Azmi: I think Fire was certainly proactive in opening up [a dialogue] and even revisiting Section 377, which criminalizes homosexuality. Taare Zameen Par dealt with dyslexia and opened up the debate about dyslexia. So cinema does have [an impact] — and if it is within the mainstream, even more, because then it reaches out to a large number of people.
India Knowledge at Wharton: Going back to the issue of women, another thing that’s been facing a lot of criticism is that item songs (a popular term for provocative songs, usually starring women) in films encourage violent behavior.

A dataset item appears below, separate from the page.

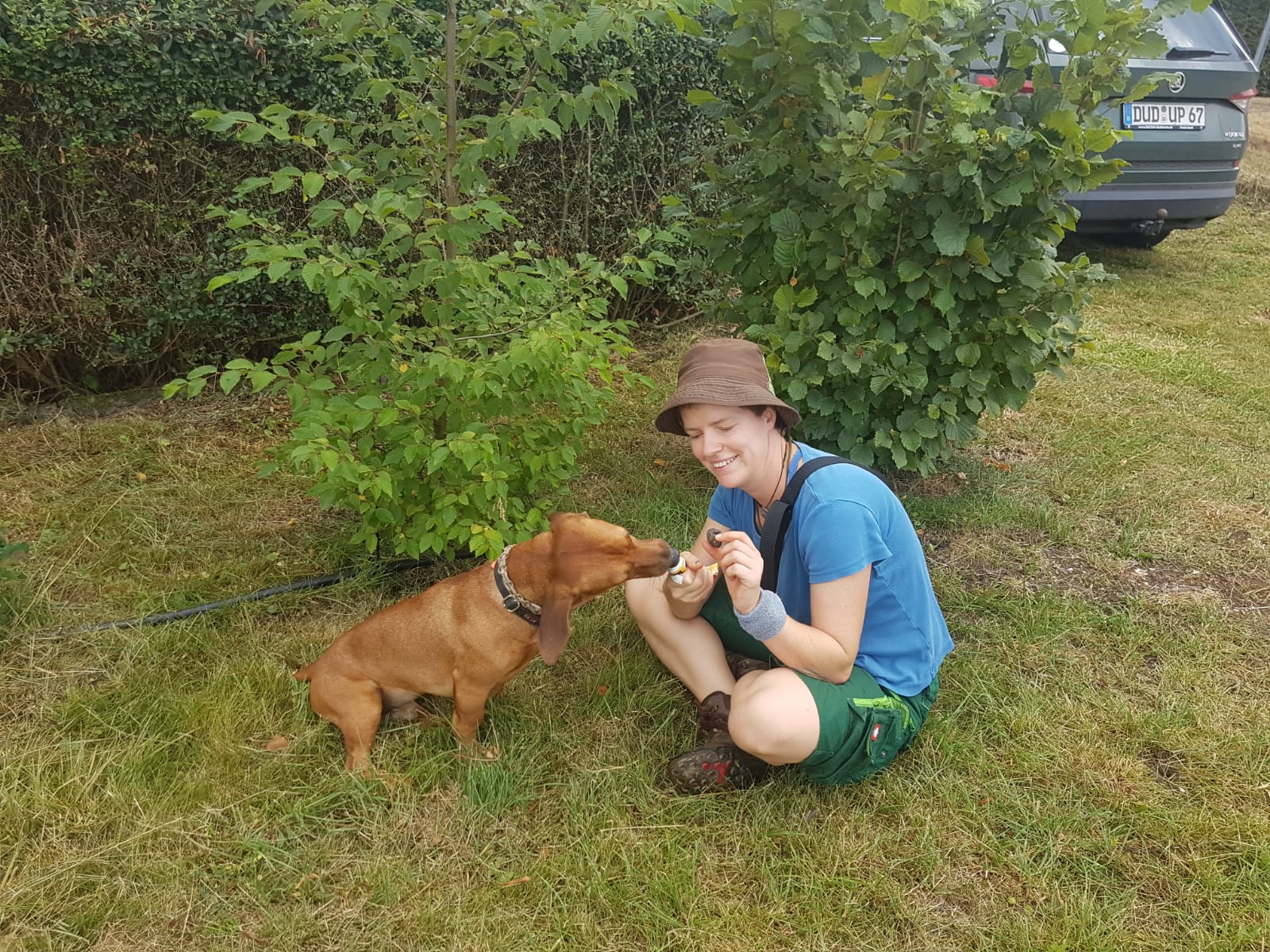 Trüffel in Thüringen schon 3 ½ Jahre nach Anlage der Trüffelkultur Eine mittlere Sensation ist das für deutsche Verhältnisse schon, denn normalerweise gilt, dass etwa sieben bis zehn Jahre nach Auspflanzung die ersten Trüffeln im Anbau zu finden sind. So die Meinung einiger Experten. Diese beiden wissen es besser: Andrea Männle und Uli Polle in Bleicherode. „Lurko hat einfach plötzlich mit der Trüffel gespielt, während wir auf der Plantage gearbeitet haben“ meldeten die begeisterten Trüffelanbauer ihren Fund der Trüffelschule. Die Sommer- bzw. Burgundertrüffel (Tuber aestivum) gehört bekanntlich zu den begehrten kulinarischen Köstlichkeiten. Beide Trüffelanbauer gehören zu einem Team von Hobbyforschern, die in Deutschland – insbesondere auch in Thüringen - wildwachsende Populationen untersucht haben. Die Ergebnisse dieser umfangreichen, ökologischen Studie flossen in ein neues Anbaukonzept der Forschungsgruppe Hypogäen ein. Die Fundstellen wildwachsender Trüffeln in Thüringen bleiben allerdings geheim. Im Dezember 2016 legten die beiden Duderstädter nach den Vorbildern der Natur ihren Trüffelgarten mit selbst gezogenen Trüffelbäumchen in Bleicherode an. Sie nahmen über Jahre an Weiterbildungsveranstaltungen der Deutschen Trüffelschule im In- und Ausland teil. Inzwischen haben beide eine Prüfung zum Trüffelanbauberater abgelegt und sich auf die aktive Produktionssteuerung durch Bewässerungsmaßnahmen spezialisiert. - Wer glaubt Trüffel bei seiner Arbeit im Garten oder anderswo gefunden zu haben, oder sich für den Trüffelanbau interessiert, kann sich zur Begutachtung an Herrn Polle über 0178-2668982 wenden. Als diese Nachricht bei Anja Kolbe-Nelde ( Thüringer Freilandpilze GmbH ) eintraf, ließ sie es sich nicht nehmen, sich mit ihren zwei selbst ausgebildeten Trüffelsuchhunden zu einer Nachsuche in Bleicherode zu verabreden. In kürzester Zeit hatten Jette und Alba die Fundstelle ausgemacht, aber keine weiteren Exemplare angezeigt. Was man wissen sollte: Trüffelfruchtkörper werden über einige Wochen verteilt zu mehreren Exemplaren vom Hyphensystem entwickelt. Der Reifegrad der zuvor gefundenen Trüffel ließ darauf schließen, dass hier erst Ende September bzw. Anfang Oktober die anderen Burgundertrüffeln die volle Reife erlangen. Daher wurde gleich ein Termin für eine Nachsuche vereinbart. Mit diesem sensationellen Fund ist deutschlandweit der erste frühe Nachweis von Tuber aestivum auf einer angelegten Trüffelkultur gelungen.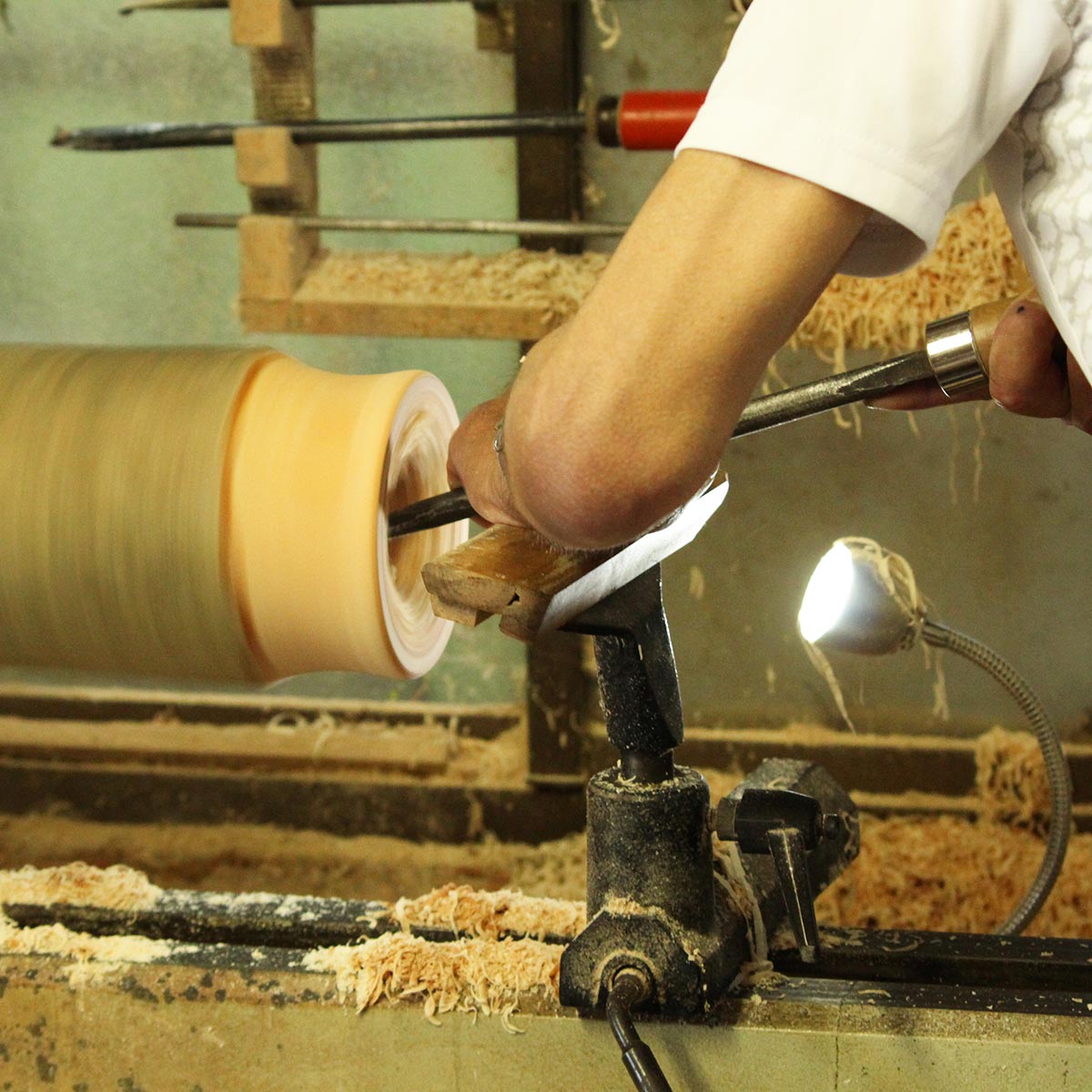 一つ一つ、磨かれたタンブラーは表面もなめらかで肌触りもよく手によくなじむように作られている。タンブラーの木の種類は椿とヤマモモが選べる。椿は淡いクリーム色。ヤマモモは濃い茶色に仕上がる。

Azmi: I don’t think that men are raping women because of item numbers. That can’t be true. But the fact is item numbers [project] women as being commoditized and objectified and somewhere that creates an atmosphere. It seems kosher and OK to treat women as objects because the business of cinema is about images and when you have fragmented images of a woman’s bosom and her swiveling hip and her twisting navel, it robs the woman of all autonomy and subjects her to the male gaze. Vulgar lyrics and suggestive, voyeuristic camera angles do not celebrate a woman’s sexuality, they actually objectify her. So under the guise of saying that you’re celebrating women’s sexuality, you are actually objectifying her in item numbers.

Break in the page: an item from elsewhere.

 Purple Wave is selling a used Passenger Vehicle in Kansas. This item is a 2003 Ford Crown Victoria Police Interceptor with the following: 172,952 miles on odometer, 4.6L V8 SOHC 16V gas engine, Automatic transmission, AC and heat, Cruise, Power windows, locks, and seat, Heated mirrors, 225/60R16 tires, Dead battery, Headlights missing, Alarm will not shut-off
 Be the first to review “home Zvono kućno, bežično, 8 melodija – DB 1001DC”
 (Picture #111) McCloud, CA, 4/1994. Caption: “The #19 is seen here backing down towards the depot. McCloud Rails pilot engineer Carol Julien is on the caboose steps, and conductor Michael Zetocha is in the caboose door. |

India Knowledge at Wharton: So does the film industry have a responsibility then?
Azmi: Of course, but to each her own. Because I feel this way, it’s not necessary that this view needs to be shared by somebody else. Some people feel that the purpose of cinema is entertainment — which in itself is a healthy enough goal, provided you define what constitutes entertainment. But I come from a family where I grew up believing that cinema — art — should be used as an instrument for change and that’s the kind of cinema I’ve largely done and been attracted to. It doesn’t mean that it must be a didactic, boring film. But if you take on an issue, particularly when it comes to empowerment of women, I think it’s very important to have much more of positive images of women in cinema and theater and television, etc. I find it curious that television has so many women behind the screen and yet it hasn’t led to positive images of women. They sort of lean into the stereotype.

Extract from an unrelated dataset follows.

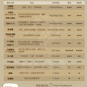 做一款包,不能只靠皮革與內裡。 真正能決定包體物性、立體感、與耐用度,是那些隱藏在皮革背後的輔襯料。 這一次十周年,我把自己多年製作包款時最常用的輔襯料,整理成一套完整的 禾亞聯名組合,讓你不用再東拼西湊,就能一次到手。 如果要談起吳軒十年的皮革之路,禾亞的 Andy 老師、呂老師,是我最早接觸的前輩之一。 禾亞本身專精於「鉻鞣流行皮包」的領域,不僅是業界公認的資深大前輩,更是我亦師亦友的好朋友與老師。這十年來,無論在教學、接案、還是專業材料的供應上,他們都維持著頂尖水準。 當年剛開始學習時,就在他那裡得到許多啟發與幫助;後來無論我在經營自媒體、還是製作各式作品時,禾亞始終是我最常選購的愛店。地點在新北市永和,是一家你走進去就能感受到專業氛圍的店家。 這次十週年,我特別邀請禾亞參與,提供市面上最齊全的輔料、襯料與各種皮革周邊用品,讓更多人能體驗到專業工藝背後的基礎支持。 「吳軒愛用輔襯料聯名套組」集合了我在製作大型流行包款時最常用的各種輔襯料。 例如: 這些材料看似隱形,但卻是作品質感的關鍵。 平常購買可能要大卷大卷買,對多數人來說可能會過量、又佔空間,因此我請禾亞幫我搭配成合適的小幅組合,讓你能一次備齊,實際練習與製作都能派上用場。 好,大概就是如此啦! 很多人剛開始做包,常常只注意到皮革和版型,但真正做下去就會發現:包包要有支撐、能耐用、使用起來符合預期,其實靠的都是這些看不到的輔襯料。 少了它們,作品可能會塌、會易損壞,效果就是撐不起來。 我這次把自己最常用的組合整理出來,就是希望你不用再花時間去摸索,或是為了買一點點材料卻得扛一整卷回家。 這套組合剛好能應付多數常見的包款練習,省事,也不會浪費。 對我來說,這些輔襯料是我一路走來必備的工具,所以才會在十周年的時候,特地和禾亞一起把它們配成一組推薦給你。 因為我知道,當你想要做出「更像一顆包」的作品時,它會真的幫得上忙。 祝你玩皮愉快! 吳軒▍商品特色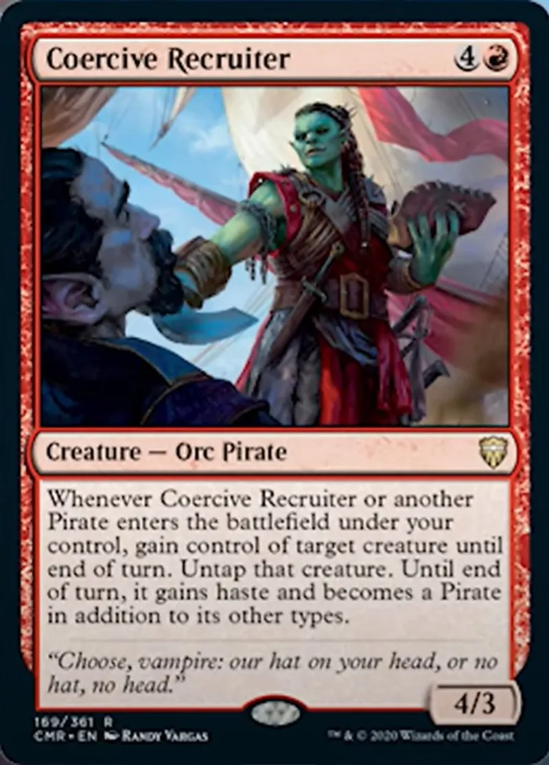 | Oracle Text | Whenever Coercive Recruiter or another Pirate enters the battlefield under your control, gain control of target creature until end of turn. Untap that creature. Until end of turn, it gains haste and becomes a Pirate in addition to its other types. | ||

India Knowledge at Wharton: Why do you think that is? Is there a different demographic?
Azmi: They say that it’s all driven by TRPs [Television Rating Points] and it’s driven by what they are told by the channels [as to] what works and what doesn’t work. [But] how accurate can TRPs be in a country of a billion people? You have a reading of 800 homes and you think that can be used as a reflection of what people are watching? It’s very faulty.
India Knowledge at Wharton: The people who are watching these TV serials are, in theory, the same people who are watching films which are pushing the definitions of what women stand for. But are TV and films are still fairly separate worlds in India for the most part?
Azmi: Yes. Except now a lot of heroes have started doing [programs] on television. You have [actors] Amitabh Bachchan and Salman [Khan] and others. But they’re doing talk shows and [things] which are different.
India Knowledge at Wharton: You have balanced films and politics and activism. Could you summarize an ideal interaction you see between these areas?
Azmi: I think that for an artist, her resource base must be life itself. Because unless you’re connected with life, how are you going to bring about any richness of character? Unless you’ve observed life and observed people, observed their idiosyncrasies, observed injustice, how can you bring it to play truthfully? If your resource base is life, then politics is going to influence you. Obviously, injustice is going to influence you because that’s what you sense in the air around you. It’s going to reflect in the choice of films or the choice of work that you decide to do. So for me, it’s a very natural progression. It isn’t one informing the other. They sort of both overlap and inform each other.